Değişen sünnet yöntemlerinden bahseden Op. Dr. Ahmet Tuğanalp, “Sünnet günümüzde en sık klasik cerrahi yöntemle yapılmaktadır. Bunun dışında çan yöntemi, koter ve laser kullanılmaktadır. Günümüzde sünnetin koterle yapılması sağlık bakanlığı tarafından yasaklanmıştır. Klasik cerrahi yöntemde; sünnet işlemi için gerekli cerrahi alan temizliği yapılıp, penise lokal anestezi uygulanıp penis başı ve sünnet derisi arasındaki yapışıklıklar temizlenip, yeterli uzunlukta sünnet derisi kesilip, kanamalar kontrol edilip yara ağızları eriyebilen dikişlerle dikilip, uygun pansuman malzemesi ile sarılır" diye konuştu.

SÜNNETİN RİSKLERİ NELERDİR?
Sünnetin bazı riskleri olabileceğine de dikkat çeken Tuğanalp, aşırı ve geç kanamalar, pipi başının yaralanması, sünnet hataları ve enfeksiyon gelişmesi olarak sıraladı. Sünnetin basit ve sorunsuz bir işlem olarak görülmesine karşın doğru ve özenli yapılmadığı durumlarda ciddi sağlık problemlerine yol açan önemli bir cerrahi girişimi olduğunu kaydeden Op. Dr. Ahmet Tuğanalp şöyle devam etti:
“Bu nedenle kanama bozuklukları yönünden araştırılmadan, gerekli hijyenik şartlar oluşturulmadan yapılmamalıdır. Sünnet çocuğun tüm ergenlik yaşamını, sağlıklı cinsel gelişimini ve erişkin cinsel yaşamını etkileyeceğinden, hastane ortamında steril şartlarda, konunun uzmanı ve problemle karşılaştığında sorunu çözebilecek hekimler tarafından yapılmalıdır.Tüm bunlar göz önüne alınarak sünnet ideal olarak Üroloji veya çocuk cerrahi uzmanı tarafından hastane ortamında yapılmalıdır.
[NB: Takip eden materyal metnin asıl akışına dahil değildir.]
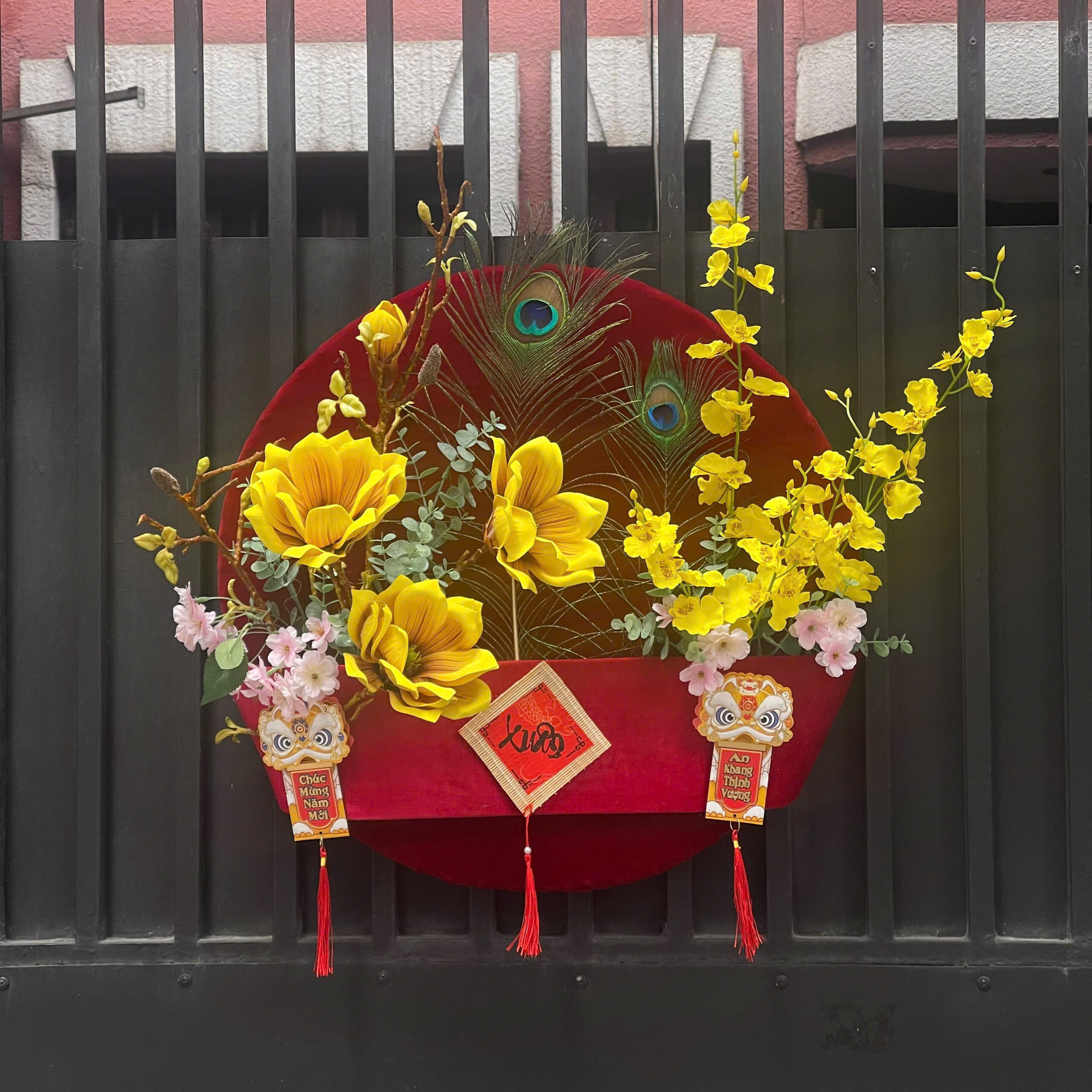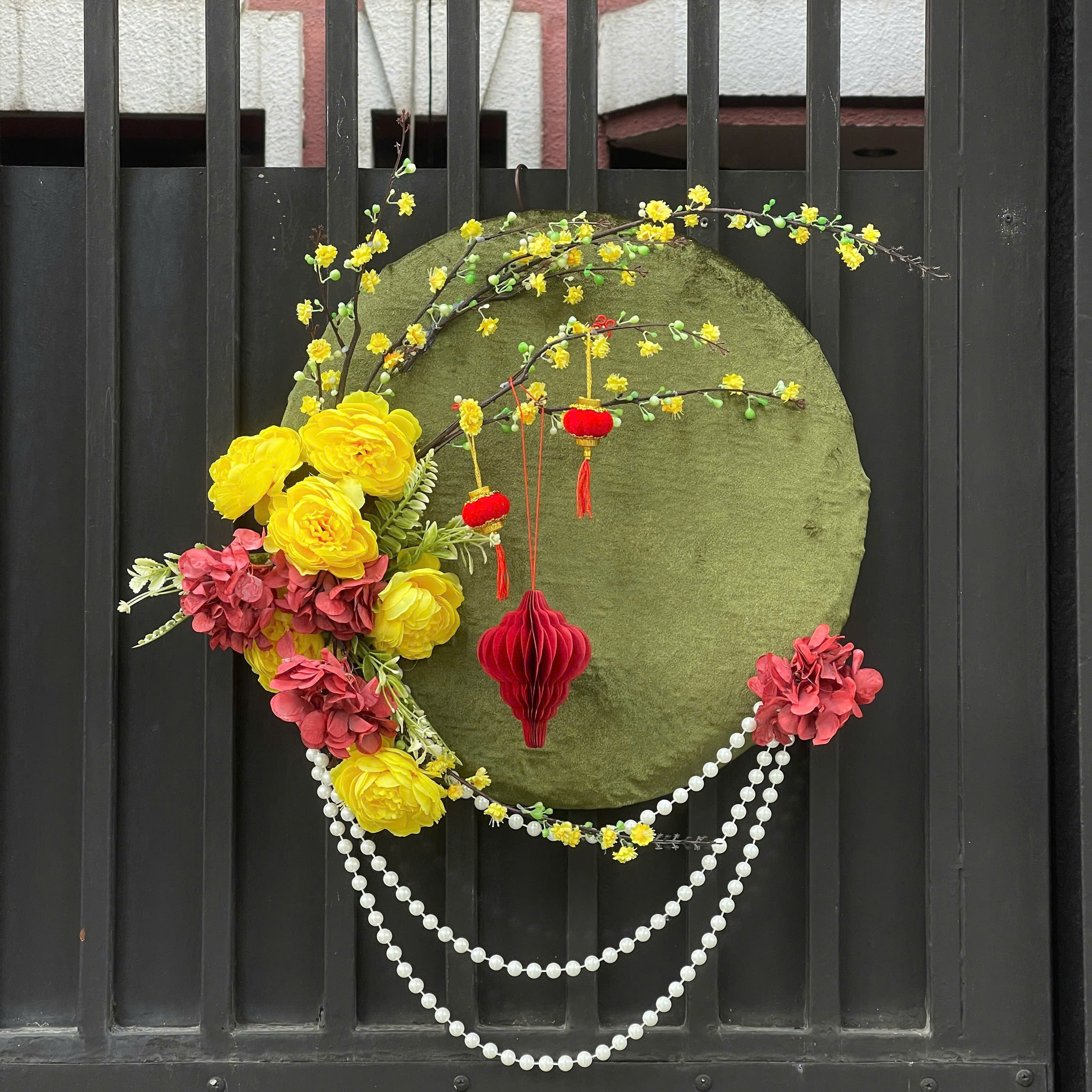 Hoa mai vàng tượng trưng cho phú quý, tài lộc và may mắn. Nia tròn kết hợp hoa mai vải, nụ non và cành uốn cong mềm mại mang đến cảm giác xuân phương Nam rõ nét, rất phù hợp treo trước cửa nhà hoặc cửa hàng.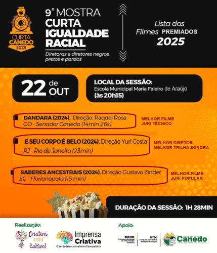Sessão 22 de outubro de 2025 19:30 horas - Periodo noturno- Público: Alunos Matriculados na EJA com Idade de 16 a 70 anos - Escola Municipal Maria Faleiro de Araújo (Vamos publicar nota de repudio e BO contra o comportamento da Coordenação do Turno Noturno desta Escola, ois exerceu censura, aliciou alunos à homofobia, racismo e intolerancia religiosa, interferindo e prejudicando a Mostra Curta Igualdade Racial) Produção: Carmelita Gomes e equipe de Curadores e Juris Realização: Criativa Studio Cultural Parcerias: Prefeitura Municipal de Senador Canedo - Sitec - Secom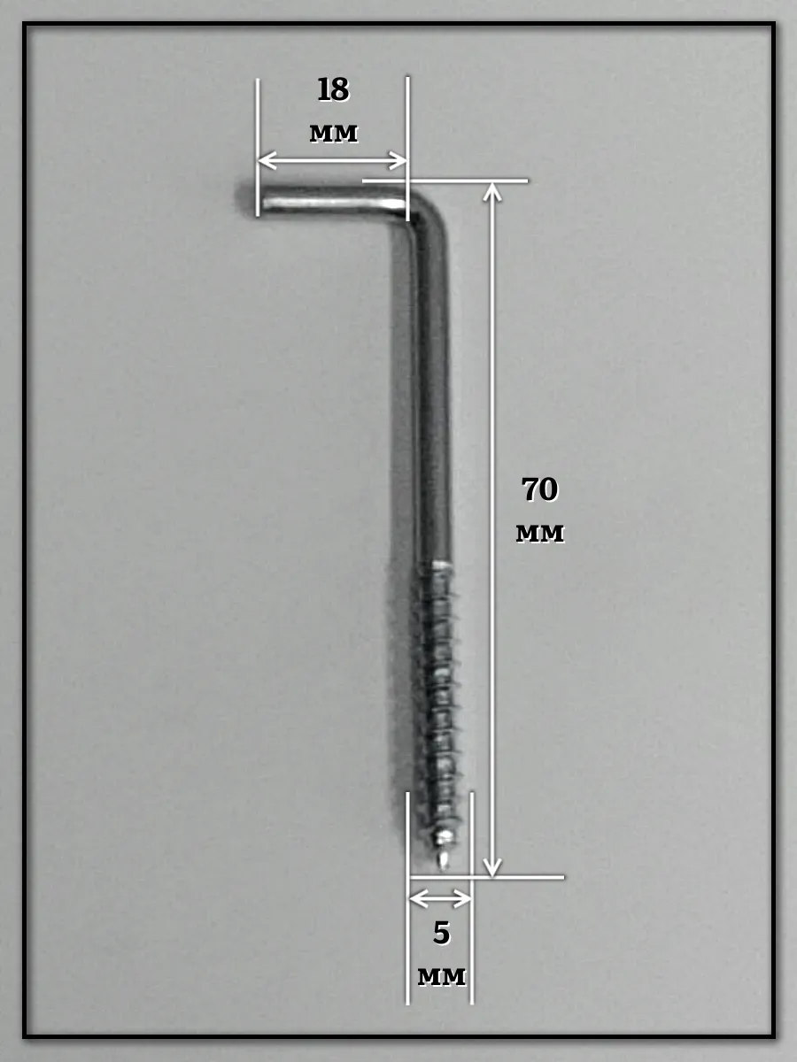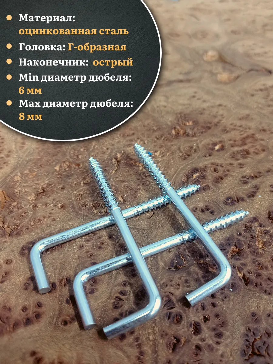 Шуруп-костыль - стальной шуруп в виде стержня Г-образной формы. Шуруп выполнен из качественной стали с оцинкованным покрытием, что обеспечивает устойчивость изделия к воздействию влаги. Применяется для крепления к деревянным поверхностям легких съемных конструкций, а так же может быть использован при крепеже к бетону, природному камню или кирпичу вместе с пластиковыми дюбелями. Шуруп-костыль в основном используют в производстве мебели, деревянном домостроении, при монтажных работах и в быту. Материал шурупа: сталь, Покрытие шурупа: оцинкованное, Головка: Г-образная.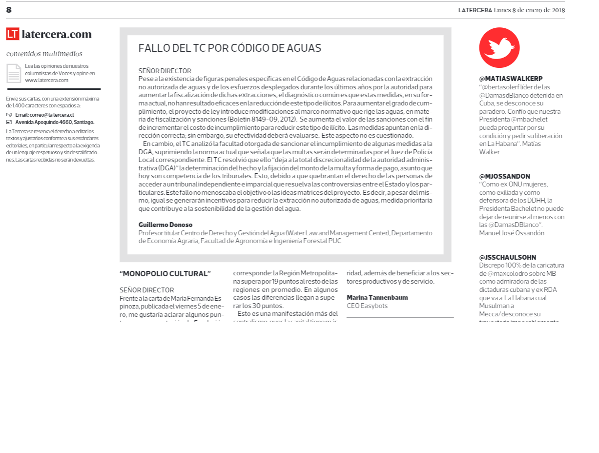 Revisa aquí la Carta de uno de nuestros Profesores Miembros, Guillermo Donoso, publicada en La Tercera. el día 8 de enero de 2018.
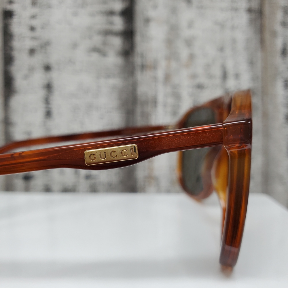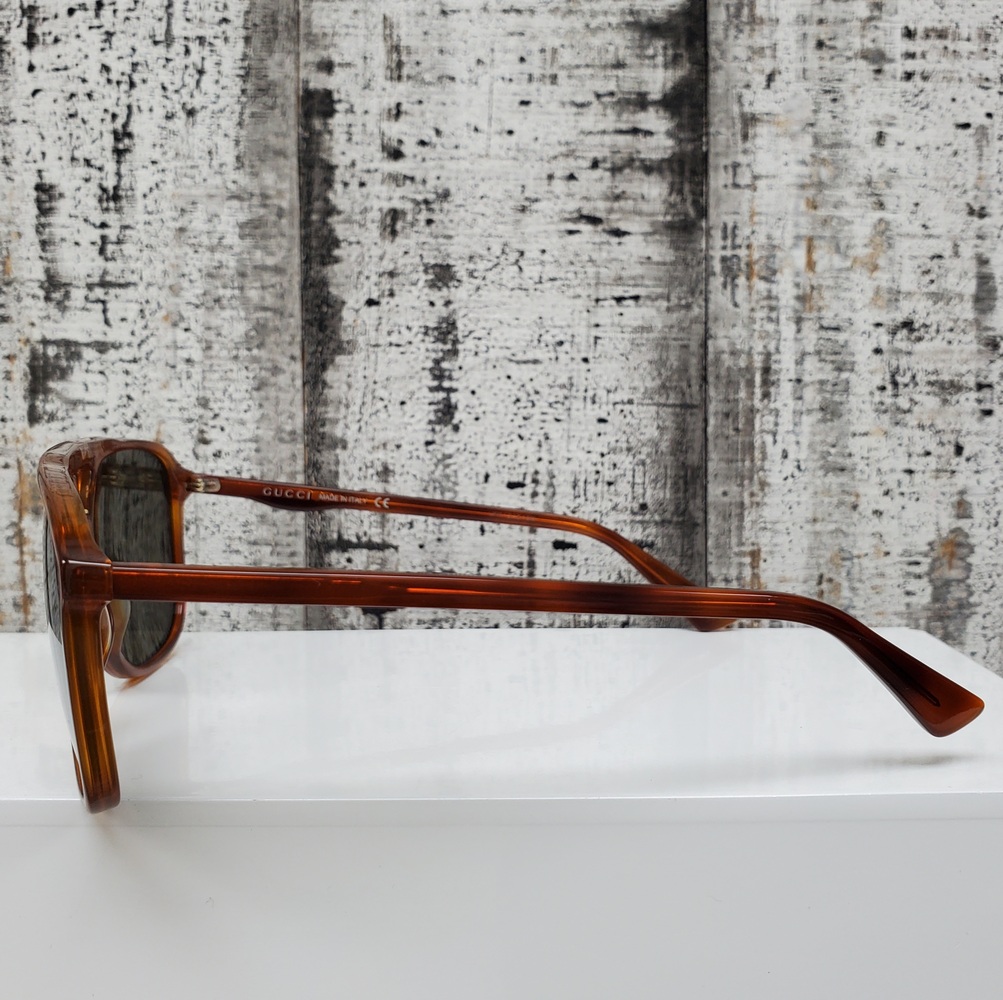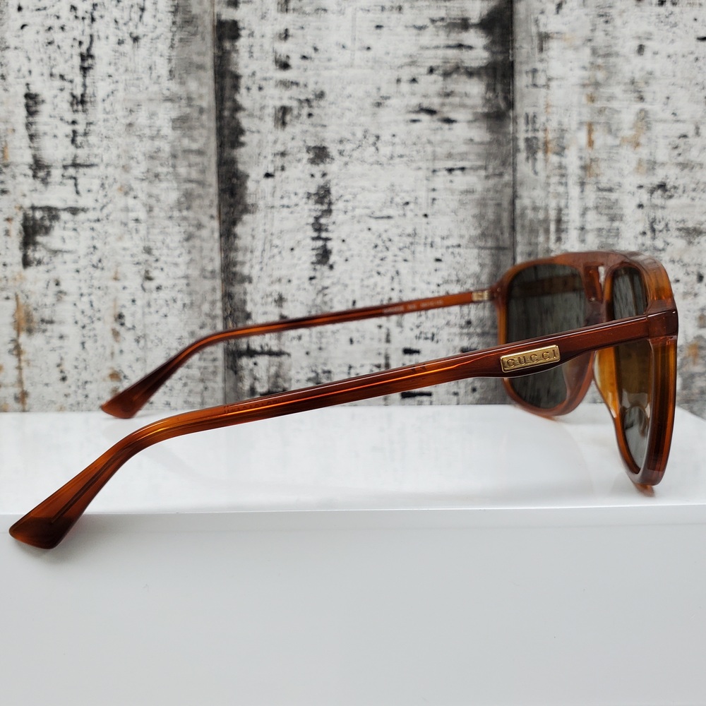 Stylish Gucci brown sunglasses, featuring a sleek double bridge design, in excellent, like-new condition. Perfect addition to any sophisticated, fashion-forward wardrobe.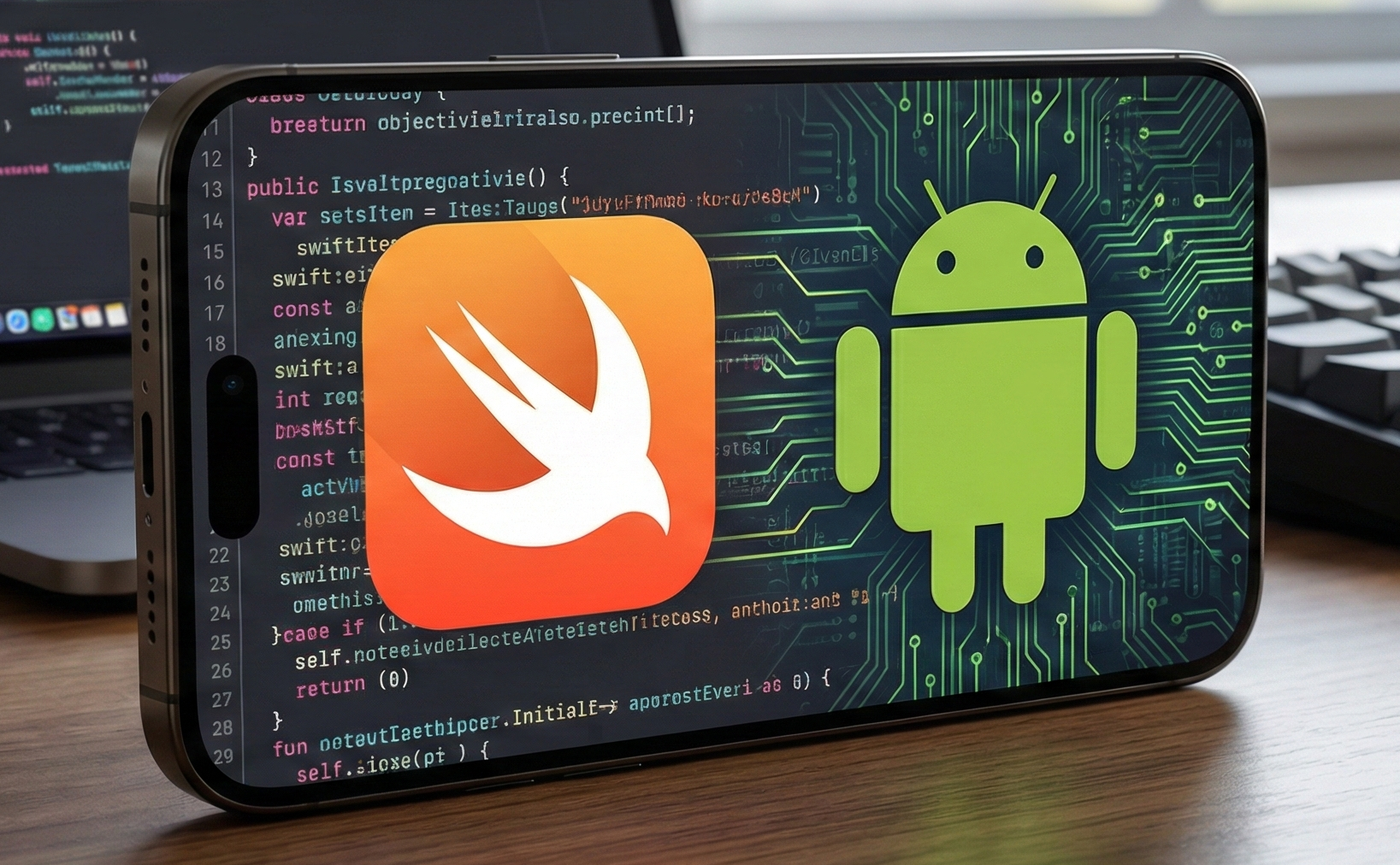 📌 La interfaz visual todavía se construye mayormente con Java/Kotlin, y el código Swift sirve para lógica y partes nativas.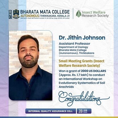 We are immensely proud to announce that Dr. Jithin Johnson, Assistant Professor in the Department of Zoology at Bharata Mata College, has been elected as a Fellow of the Linnean Society (FLS) of London.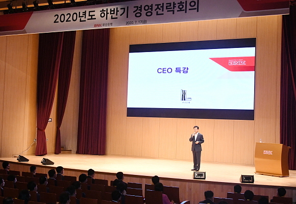BNK부산은행이 지난 17일 부산은행 본점 2층 대강당에서 경영진과 부실점장이 참석한 가운데 ‘2020 하반기 경영전략회의’를 진행했다고 20일 밝혔다.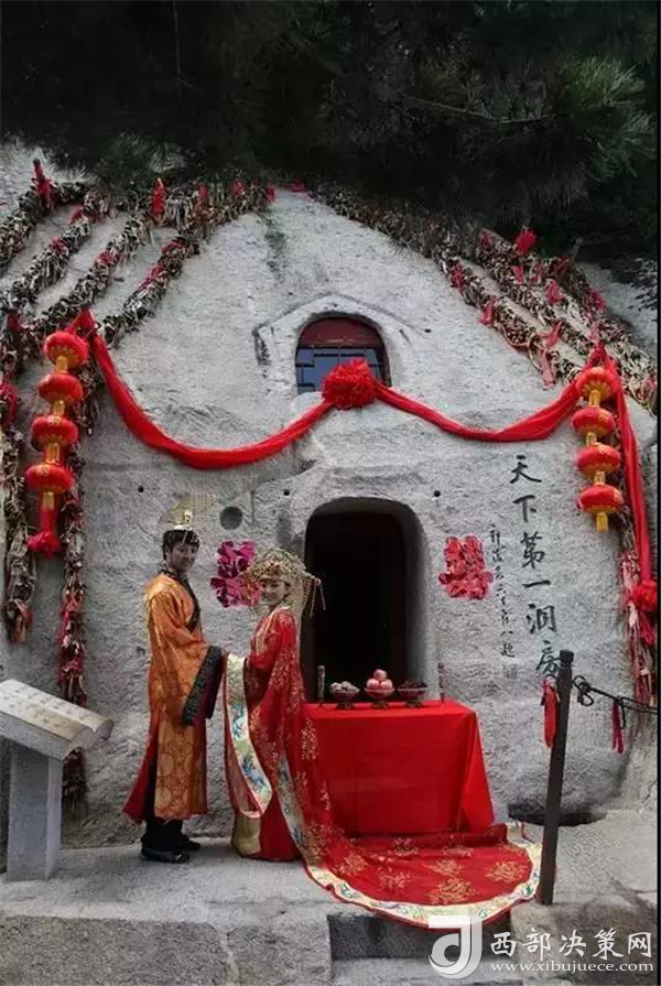天下第一洞房位于華山西峰東側(cè)半腰,從蓮花橋經(jīng)十八譚登山路的左側(cè)即達(dá),相傳為簫史弄玉鑿洞成婚之所。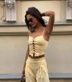 Нежная двойка, в которой вс про лгкость и женственность Топ на тонких бретелях с шнуровкой аккуратно подчркивает силуэт, создавая эффект утончнной талии, а свободные брюки добавляют образу расслабленности и комфорта Идеальный баланс между элегантностью и повседневным стилем для прогулок, встреч и тплых вечеров.

Çocuk asla sünnet ile korkutulmamalı, sünnet öncesi rahatlatılmaya çalışılmalıdır. Uygun şekilde sünnete hazırlanmayan ve psikolojik travma yaşayan çocuk bir uzvunun kaybolacağını veya ailesinin kendisini bu yöntemle cezalandıracağını düşünüp ileriki yaşamında kişilik ve cinsel problemlerle karşılaşabilir."